Source records
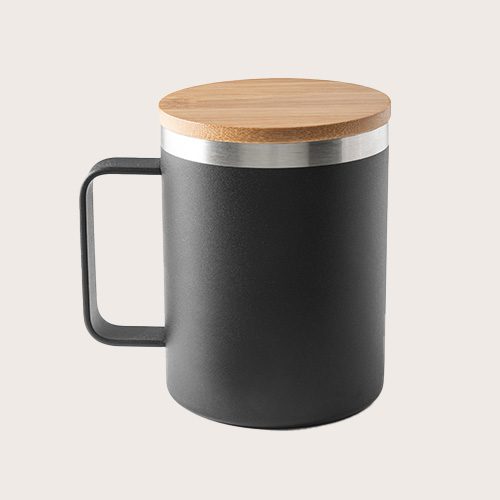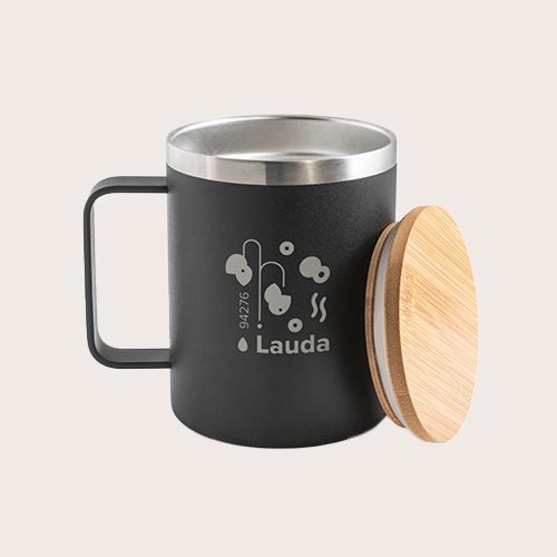 Taza en acero inoxidable (90% reciclado) con tapa de bambú y doble pared aislada, al vacío. Esta taza tiene un recubrimiento en polvo que la hace más duradera y resistente. Se entrega en una caja de regalo Kraft. Como el producto está fabricado con materiales naturales, el color como el resultado de la impresión pueden variar entre unos y otros productos.
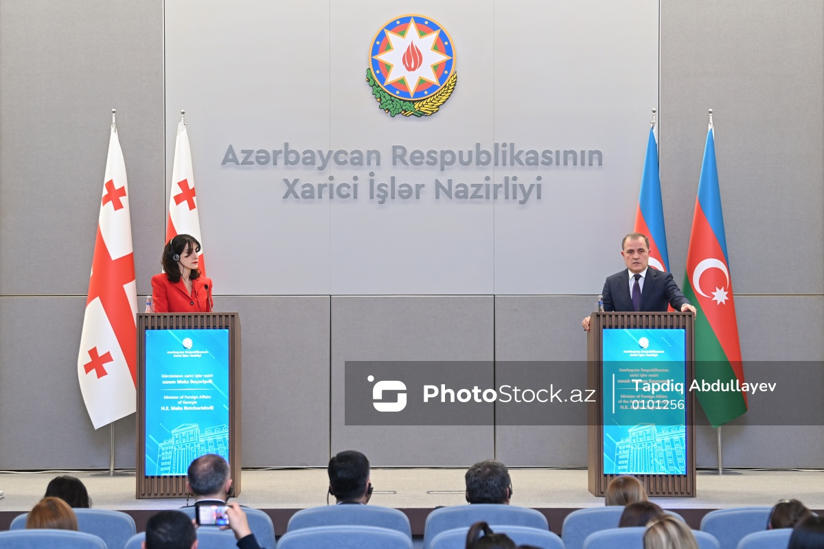 Gürcüstanın xarici işlər naziri Maka Boçorişvili (sol), Azərbaycanın xarici işlər naziri Ceyhun Bayramov (sağ).
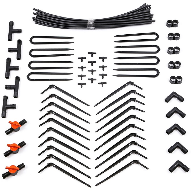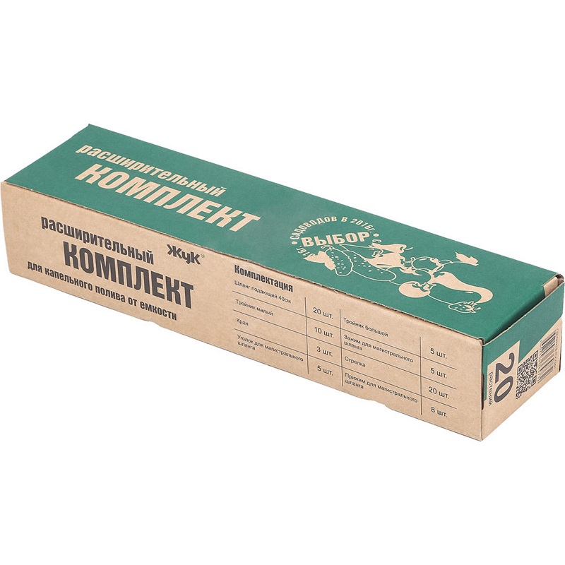 Комплектация: шланг подающий 40 см -20 шт, капельницы - 20 шт, тройник малый - 10 шт, кран - 3 шт, уголок для магистрального шланга - 5 шт, тройник большой - 5 шт, заглушка для магистрального шланга - 5шт, прижимы для магистрального шланга 20 шт.
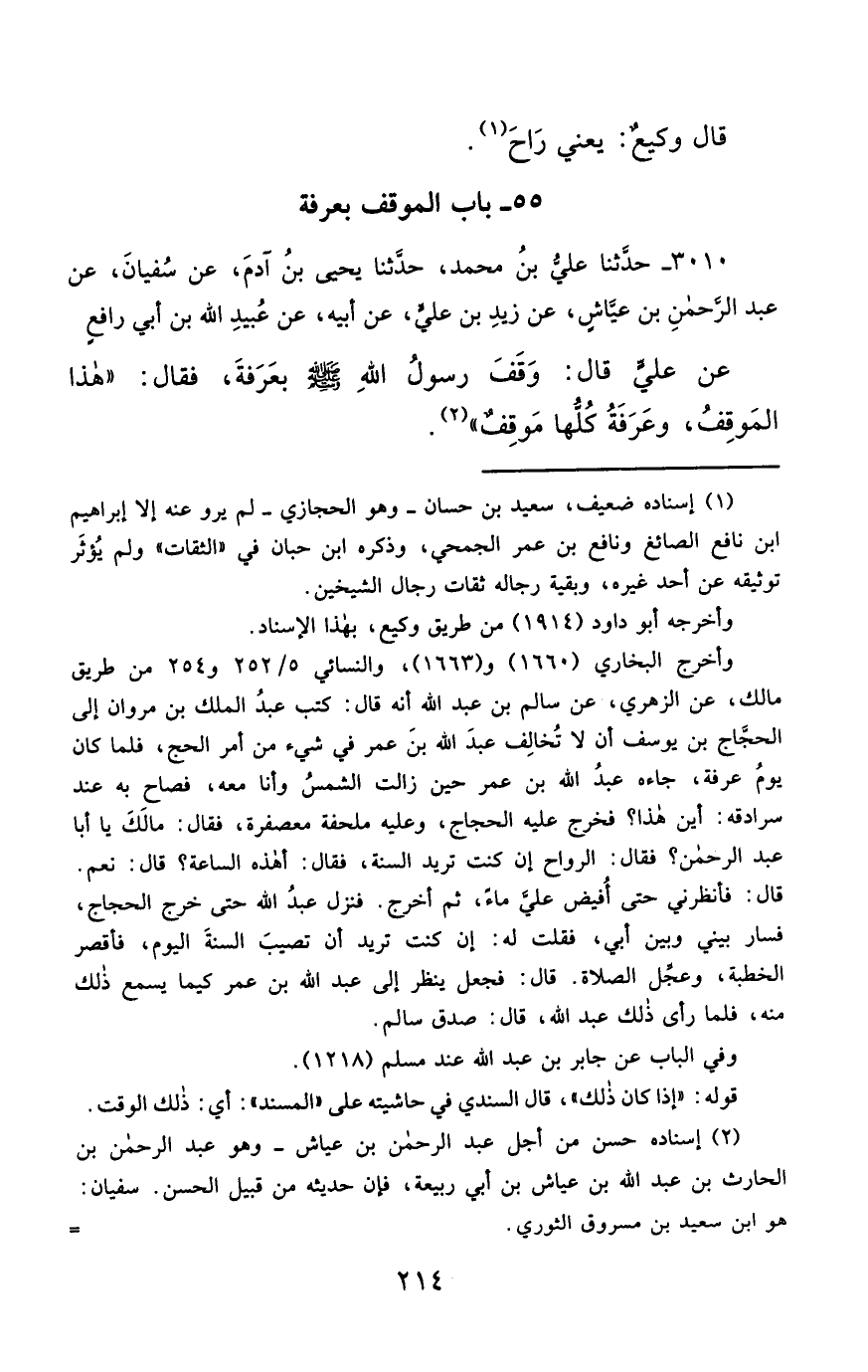 3010- حَدَّثَنَا عَلِيُّ بْنُ مُحَمَّدٍ ، حَدَّثَنَا يَحْيَى بْنُ آدَمَ ، عَنْ سُفْيَانَ ، عَنْ عَبْدِ الرَّحْمَنِ بْنِ عَيَّاشٍ ، عَنْ زَيْدِ بْنِ عَلِيٍّ ، عَنْ أَبِيهِ ، عَنْ عُبَيْدِ اللهِ بْنِ أَبِي رَافِعٍ ، عَنْ عَلِيٍّ ، قَالَ : وَقَفَ رَسُولُ اللهِ صَلَّى الله عَليْهِ وسَلَّمَ بِعَرَفَةَ ، فَقَالَ : هَذَا الْمَوْقِفُ ، وَعَرَفَةُ كُلُّهَا مَوْقِفٌ.
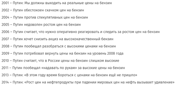 Такая последовательность в обещаниях характерна не только лидера сепаратистов. Глава Кремля также не раз пиарился на топливной теме:
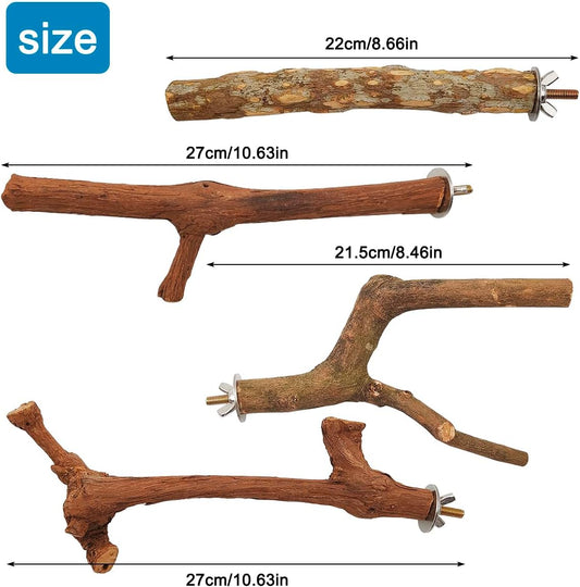 4 Pcs Natural Wooden Bird Perch Parrot Stand, 2 Grape Wood Perches, A Stand Fork Standing Branch, A Paw Grinding Fork, Bird Cage Accessories for Parakeets, Birdcage Sticks & Toys for Budgies, Finches
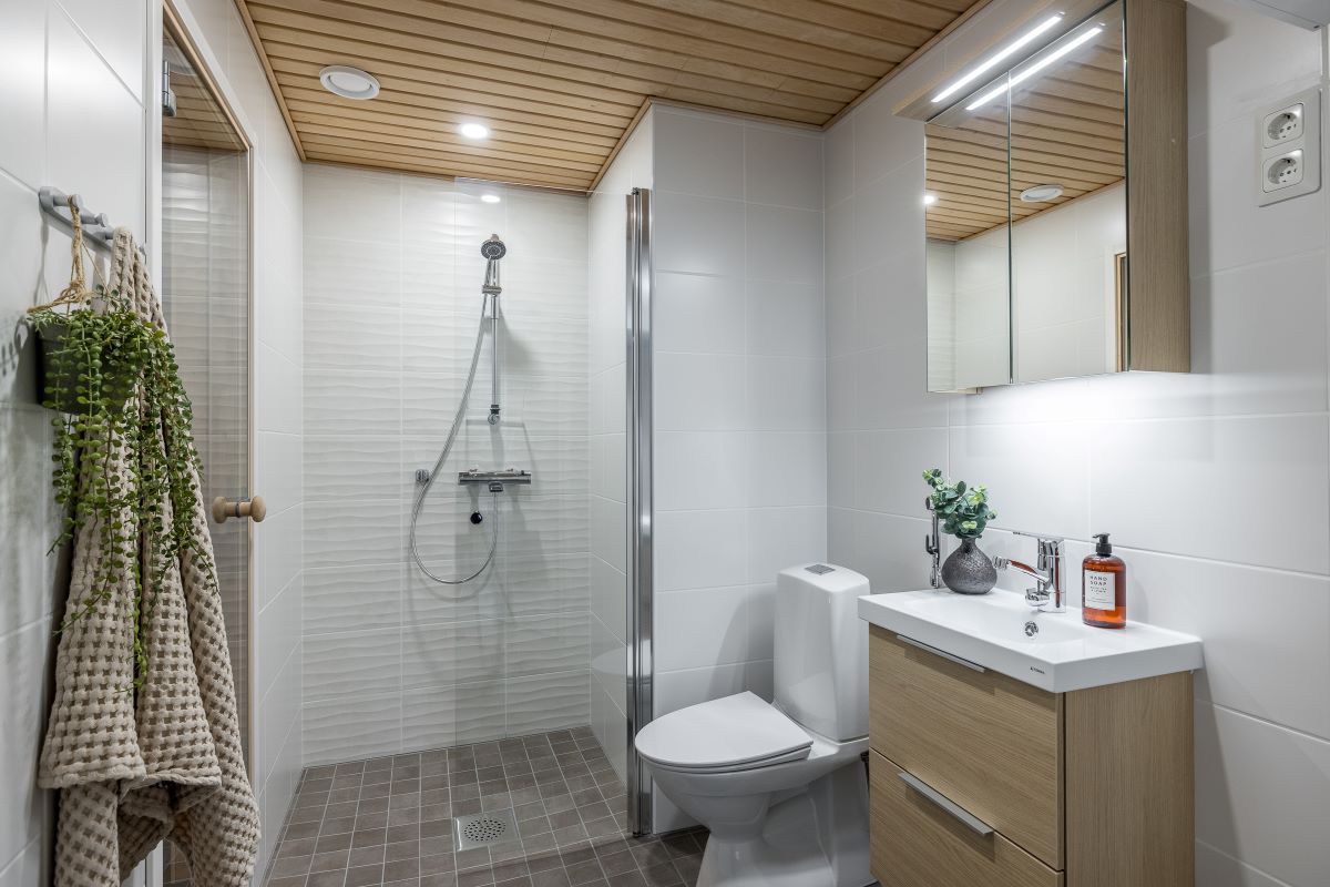 Avara viidennen kerroksen kolmio, jossa keittiö ja olohuone ovat yhtä suurta tilaa. Makuuhuoneiden vaatehuoneet tarjoavat rutkasti säilytystilaa. Kodin keittiössä on "Raikas" sisustustyyli, jonka alakaapistoissa ja korkeissa kaapeissa on kaunis puusyykuvio, yläkaapistot ovat raikkaan valkoiset. Kodin lattiamateriaalina on Tarkettin 3-sauvainen vaalea parketti. Asunnossa oma sauna ja tilava lasitettu parveke länteen päin. Parvekkeella myös varasto esimerkiksi kausitavaroiden säilytystä varten.
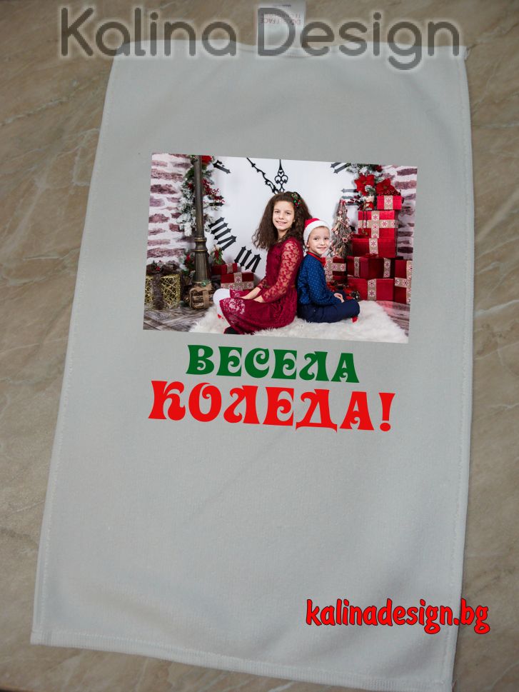 Хавлиена кърпа с надпис Весела Коледа и Снимка!

**Exercise prompt:**
What is needed is every record above, returned exactly, with the pictures omitted.

**Answer to the exercise:**
 Taza en acero inoxidable (90% reciclado) con tapa de bambú y doble pared aislada, al vacío. Esta taza tiene un recubrimiento en polvo que la hace más duradera y resistente. Se entrega en una caja de regalo Kraft. Como el producto está fabricado con materiales naturales, el color como el resultado de la impresión pueden variar entre unos y otros productos.
 Gürcüstanın xarici işlər naziri Maka Boçorişvili (sol), Azərbaycanın xarici işlər naziri Ceyhun Bayramov (sağ).
 Комплектация: шланг подающий 40 см -20 шт, капельницы - 20 шт, тройник малый - 10 шт, кран - 3 шт, уголок для магистрального шланга - 5 шт, тройник большой - 5 шт, заглушка для магистрального шланга - 5шт, прижимы для магистрального шланга 20 шт.
 3010- حَدَّثَنَا عَلِيُّ بْنُ مُحَمَّدٍ ، حَدَّثَنَا يَحْيَى بْنُ آدَمَ ، عَنْ سُفْيَانَ ، عَنْ عَبْدِ الرَّحْمَنِ بْنِ عَيَّاشٍ ، عَنْ زَيْدِ بْنِ عَلِيٍّ ، عَنْ أَبِيهِ ، عَنْ عُبَيْدِ اللهِ بْنِ أَبِي رَافِعٍ ، عَنْ عَلِيٍّ ، قَالَ : وَقَفَ رَسُولُ اللهِ صَلَّى الله عَليْهِ وسَلَّمَ بِعَرَفَةَ ، فَقَالَ : هَذَا الْمَوْقِفُ ، وَعَرَفَةُ كُلُّهَا مَوْقِفٌ.
 Такая последовательность в обещаниях характерна не только лидера сепаратистов. Глава Кремля также не раз пиарился на топливной теме:
 4 Pcs Natural Wooden Bird Perch Parrot Stand, 2 Grape Wood Perches, A Stand Fork Standing Branch, A Paw Grinding Fork, Bird Cage Accessories for Parakeets, Birdcage Sticks & Toys for Budgies, Finches
 Avara viidennen kerroksen kolmio, jossa keittiö ja olohuone ovat yhtä suurta tilaa. Makuuhuoneiden vaatehuoneet tarjoavat rutkasti säilytystilaa. Kodin keittiössä on "Raikas" sisustustyyli, jonka alakaapistoissa ja korkeissa kaapeissa on kaunis puusyykuvio, yläkaapistot ovat raikkaan valkoiset. Kodin lattiamateriaalina on Tarkettin 3-sauvainen vaalea parketti. Asunnossa oma sauna ja tilava lasitettu parveke länteen päin. Parvekkeella myös varasto esimerkiksi kausitavaroiden säilytystä varten.
 Хавлиена кърпа с надпис Весела Коледа и Снимка!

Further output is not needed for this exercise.